Security officials point out that the online mode lowers both visibility and vulnerability. Participants are radicalised remotely, allowing JeM to expand recruitment without physical gatherings that could attract scrutiny. Moreover, the nominal fee not only ensures a steady revenue stream but also creates a sense of commitment among recruits—a tested psychological mechanism in extremist ecosystems.

“This is not symbolic participation,” a senior Indian intelligence officer noted. “The indoctrination programme is designed to embed women within JeM’s operational fabric—whether as propagandists, recruiters, fundraisers, or facilitators. It adds depth to the organisation’s resilience.”

Operational and Strategic Implications

JeM’s online initiative underscores a strategic recalibration following sustained Indian counter-terror operations and international financial restrictions on Pakistan-based outfits.

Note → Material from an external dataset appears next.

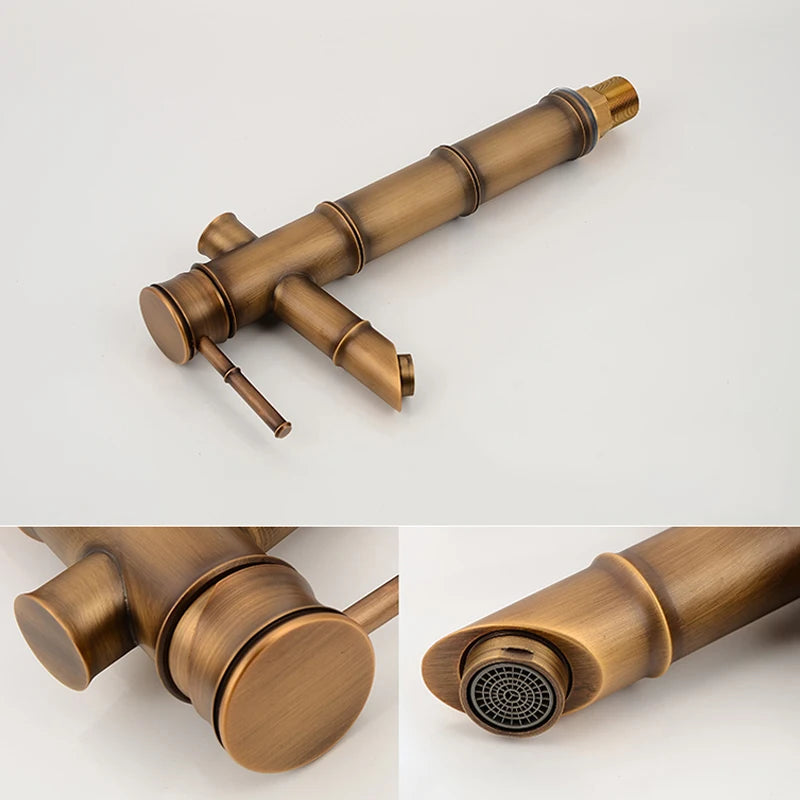 Bathroom Basin Faucet Antique Brass Bamboo Shape Mixer Tap Faucet

The group appears intent on leveraging gender and technology as asymmetric tools—expanding recruitment among women who can operate below the radar of conventional surveillance frameworks.

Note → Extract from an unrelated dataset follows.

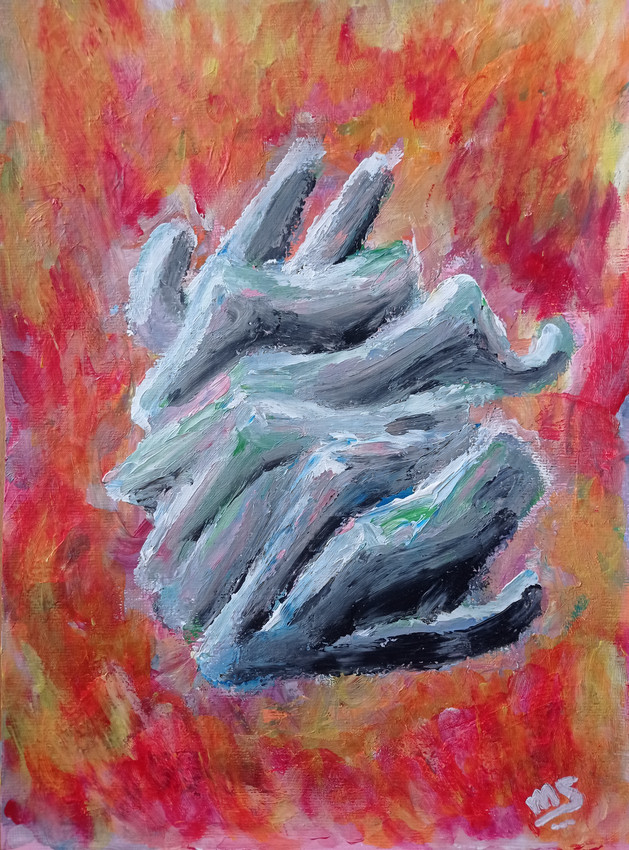 Esta obra es una exploración cruda y directa de las emociones primarias a través de la abstracción gestual. En 'Catarsis', el color se convierte en el vehículo de un sentimiento incontenible: el fondo, dominado por rojos ardientes, naranjas y amarillos, evoca una atmósfera de ebullición y fuego.

Intelligence agencies are monitoring the network’s digital reach, which reportedly extends into Jammu & Kashmir, Uttar Pradesh, and parts of southern India, where JeM’s online propaganda is disseminated through encrypted social media groups, madrassa networks, and community-based outreach channels.

A Widening Threat Spectrum

JeM’s creation of a structured women’s wing supported by a digital indoctrination apparatus represents more than an organisational experiment; it signifies an attempt to institutionalise gendered radicalisation as a force multiplier in Pakistan’s proxy terror architecture.

For India, the development broadens the threat spectrum—extending it from traditional infiltration and sleeper-cell models to digitally enabled female radical networks operating across virtual and social domains.

Strategic Takeaway

The emergence of Tufat al-Muminat as an online indoctrination and training module reflects JeM’s evolving doctrine of hybrid warfare—where digital radicalisation, gender participation, and micro-financing intersect to sustain terrorism under the radar of conventional counter-measures.

For Indian security planners, this necessitates a calibrated counter-narrative strategy combining cyber monitoring, psychological operations, and social outreach to disrupt the virtual radicalisation chain. It also underscores the urgency for regional and multilateral mechanisms—including FATF and UN frameworks—to address digital-era terror financing and gendered extremism as emerging dimensions of global terrorism.

As JeM’s digital campaign unfolds, India’s counter-terror apparatus must remain alert to the reality that the battlefield is no longer confined to borders—it is now expanding into browsers.